Tous les Haut-garonnais habitant les communes de bord de Garonne se voient offrir un pass’Garona (Pour les autres habitants, le Pass peut être acheté) : Principe d’une carte d’accès privilégié (tarif réduit) à toutes les activités touristiques, culturelles et sportives des bords de Garon’Amont .
L’objectif est de créer, en plus d’un tourisme local qui peut s’accroître avec l’amélioration de l’offre de divertissement, un tourisme de bord de fleuve, un tourisme à contre-courant, puisque c’est l’aval qui vient voir ce qui se passe en amont.
Favoriser la circulation le long du fleuve permet de sensibiliser et d’impliquer les populations avales sur les problématiques de conservation en commun de la zone amont pour le bien-être de tous les habitants du long du fleuve. Elle permet également une solidarité financière des habitants de l’aval et de tous les extérieurs au bassin versant pour aider à conserver et entretenir la bonne santé du fleuve.

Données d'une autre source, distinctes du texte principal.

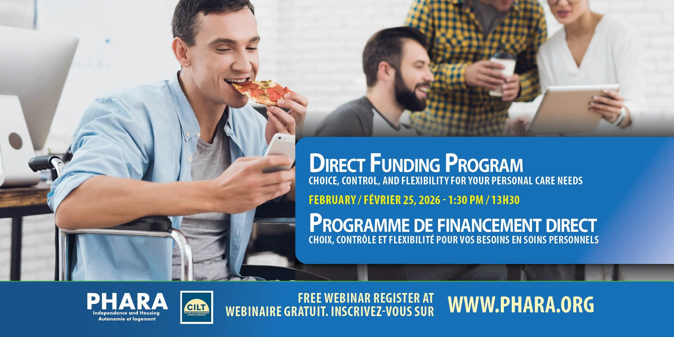 PHARA Community Services s'associe au Centre pour la vie autonome de Toronto (CILT) afin d'aider davantage de personnes handicapées de North Bay et des environs à vivre de façon autonome grâce à une série de webinaires éducatifs gratuits portant sur le Programme de financement direct de l'Ontario.

Favoriser l’installation de prestataires :
gérance de nouveaux lieux pouvant appartenir aux communes
charges allégées pendant 5 ans pour l’installation de professionnels
accueillir et intégrer les nouveaux installants dans les réseaux existants

Favoriser la mise en commun du travail des différents réseaux :
Voir le PAT Comminges
Voir la réflexion Haute-Garonne demain
Mixer avec les travaux sur l’eau.

Exemple :

Réflexion d’un producteur bovin bio :Amener un veau à terme me coûte en bio 3 fois plus cher en aliment qu’un veau en traditionnel. Or cette viande de qualité supérieure ne sera pas valorisée en sortie d’abattoir car moins grasse. Ils cherchent à mieux valoriser leurs productions.
Par ailleurs, plusieurs centaines de restaurateurs, tables d’hôtes, hôtels, campings, écoles servent des repas et seraient fiers de mettre en avant une gastronomie avec des ingrédients locaux, d’autant plus que nous avons la chance d’habiter sur des territoires où l’on trouve encore des productions diversifiées et d’excellente qualité.
Créer des passerelles entre les restaurateurs (comité du tourisme) et les agriculteurs (FDAB).
Créer des laboratoires de transformation partagés (mutualisés), avec de vrais cuisiniers, pour fabriquer des conserves et transformer des produits afin qu’ils soient mieux valoriser et ainsi assurer une alternative économique viable aux agriculteurs.
En soutenant les agriculteurs pour changer les pratiques les plus gourmandes en eau. En créant un LABEL « Excellence Garonne » pour identifier et valoriser les pratiques respectueuses. En favorisant la diffusion locale de ces productions respectueuses par un rapprochement des réseaux.